Психология пограничного положения заставляет рассматривать катастро­фические ситуации как постоянный, константный для этого перевернутого мира признак, а постепенное движение и статику как тот покой, который, по словам поэта, «нам только снится». В истории русской культуры постоян­но сталкиваются две модели самоописания — образ неподвижной глыбы, о которую разбиваются бури мятежного заграничного мира, и символическая фигура коня, несущегося в неизвестность, без сброшенного им седока (Последний, однако, может заменяться равноценным ему образом бури, разрушающей преграды). Пограничное положение Петербурга, его функция быть Россией на Западе или Западом в России, определяет символику борьбы коня и всадника, сде­лавшуюся лейтмотивом петербургских памятников и петербургской поэзии (В этом можно усмотреть результат того, что в пространстве петербургской куль­туры эти два вида искусства оказались тесно взаимосвязанными, почти тождест­венными):
 
О мощный властелин судьбы!
Не так ли ты над самой бездной,
На высоте, уздой железной
Россию поднял на дыбы?
Медный всадник»)
 
Последние слова, в свою очередь, сами сделались мифогенным источни­ком (ср., например, пьесу Алексея Толстого «На дыбе») Зловещая двусмыс­ленность слова «дыба», напоминающая пыточное орудие, придавала пушкин­ским стихам, вероятно, не предполагаемый автором дополнительный смысл. Пограничное положение определяло столь характерную для петербургской культуры любовь-ненависть к Западу, которая на всем протяжении петер­бургского периода просвечивала сквозь отношение России к Европе. Понятия «Россия» и «Запад» могут получать не только конкретно-географическое, но и символическое значение, так, например, Петербург и Москва часто проти­вопоставляются по их расположению на культурной оси «Запад — Восток». Одновременно в самом Петербурге гранитная набережная Невы и Коломна будут изоморфически повторять то же противопоставление.
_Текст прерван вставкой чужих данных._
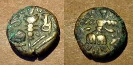 | Description / विवरण | Descrpn./Obv Stylised seated Goddess facing; Sharada legend, Ha (on l.) rsha ra (on r.). Descrpn./Rev Stylised standing king design; Sharada legend, jadeva (on r.) |
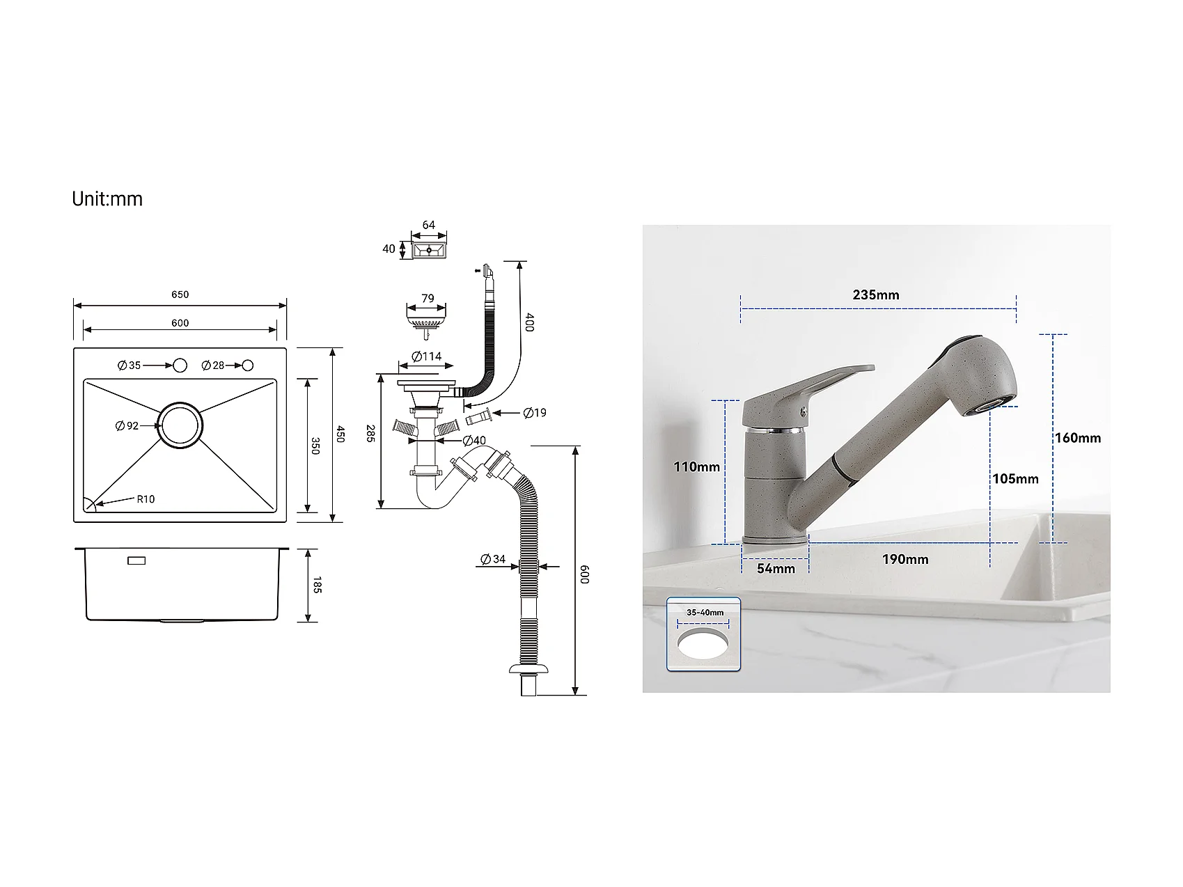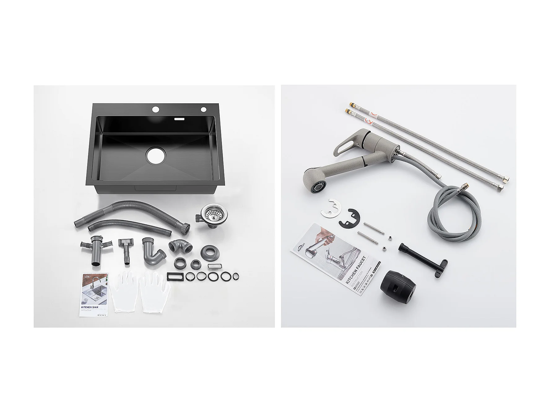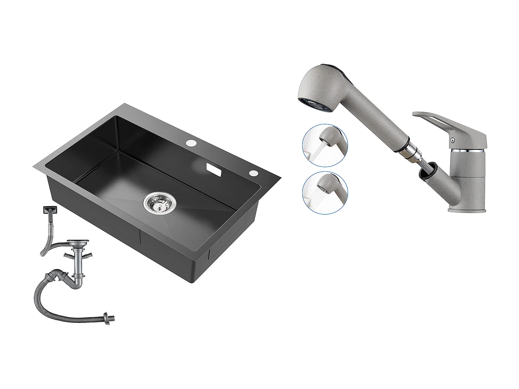 Évier Cuisine 1 Bac Acier Inoxydable Noir 65x45CM,encastré/à Poser+Robinet Cuisine avec Douchette Extractible 2 Jets,Eau Froide et Chaude,Gris

Лето на даче вос­принимается в ареале Запада, лето в поместье — в ареале Москвы и Востока.
Пребывание в Петербурге — не только при дворе, но и на даче, в Цар­ском Селе, на придворных скачках и светских гуляньях — несет все признаки службы. Это выражается в костюмах, формах развлечений и тематике раз­говоров. Выезжая из «пространства службы» и переселяясь в Москву или поместье, дворянин оказывался в атмосфере личной жизни менялся костюм, темы разговоров и самый язык. Жизнь приобретала частный, семейный характер. Она становилась более национальной и более связанной с погодой и природой. Скрытая здесь противопоставленность государственной и лич­ной жизни любопытно выражалась в обычае ехать «в Москву, на ярмарку невест», а в Петербург — за чинами и карьерой. Отсюда и возрастное разгра­ничение в средней норме дворянской биографии детство в поместье или в Москве (граница между поместьем и Москвой здесь часто календарная зима — в Москве, лето — в поместье), возраст службы — в Петербурге, ста­рость — опять возвращение в родные места. Пограничное положение русской культуры отразилось, в частности, в присущем ей представлении о динамике. Динамический процесс органически сливается с представлением о катастро­фе, отсюда характерное и чуждое западной культуре отождествление движе­ния и катастрофы, антитезой последней представляется лишь застой, непо­движность и болотное гниение. Результатом этого явилось коренное противо­речие в переживании катастрофы - она воспринимается как гибель, всеобщее разрушение, квинтэссенция деструкции и одновременно отождествляется с рождением, возрождением, преображением. Чем глубже и глобальнее «катастрофа», тем ярче всеобщее перерождение. Отсюда многократно повто­ряемый в русской литературе мотив слияния всеобщего восторга и всеобщей гибели. Вид разбившегося самолета вызывает у Блока вопрос, обращенный к погибшему «летуну»:
 
Или восторг самозабвенья
Губительный изведал ты,
Безумно возалкал паденья
И сам остановил винты?
Авиатор»)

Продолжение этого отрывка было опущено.